● Task objective: Copy every record verbatim. Leave the pictures out.

------------------------

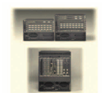
그림 4 Cisco Catalyst 6506, 6509 및 6509-NEBS

6-슬롯 Cisco Catalyst 6506과 9-슬롯 Cisco Catalyst 6509는 다수의 와이어링 클로짓과 코어 네트워크(그림 4 참조) 구축에 적합한 중급 포트 밀도를 제공합니다.
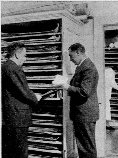
Die Bildersammlung umfasst ca. 8000 Schulwandbilder.
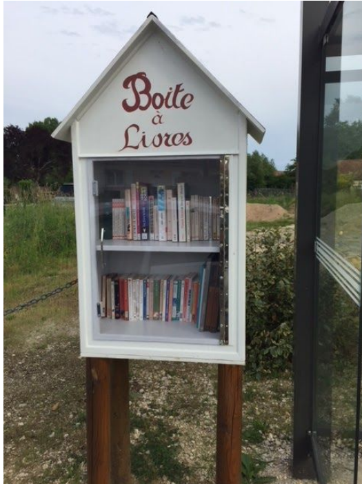
Boîte à livres de Chambon-sur-Cisse

Pour vous inspirer, voici quelques exemples de boîtes à livres implantées en Loir-et-Cher.

------------------------

● Solution for this problem:
그림 4 Cisco Catalyst 6506, 6509 및 6509-NEBS

6-슬롯 Cisco Catalyst 6506과 9-슬롯 Cisco Catalyst 6509는 다수의 와이어링 클로짓과 코어 네트워크(그림 4 참조) 구축에 적합한 중급 포트 밀도를 제공합니다.
Die Bildersammlung umfasst ca. 8000 Schulwandbilder.
Boîte à livres de Chambon-sur-Cisse

Pour vous inspirer, voici quelques exemples de boîtes à livres implantées en Loir-et-Cher.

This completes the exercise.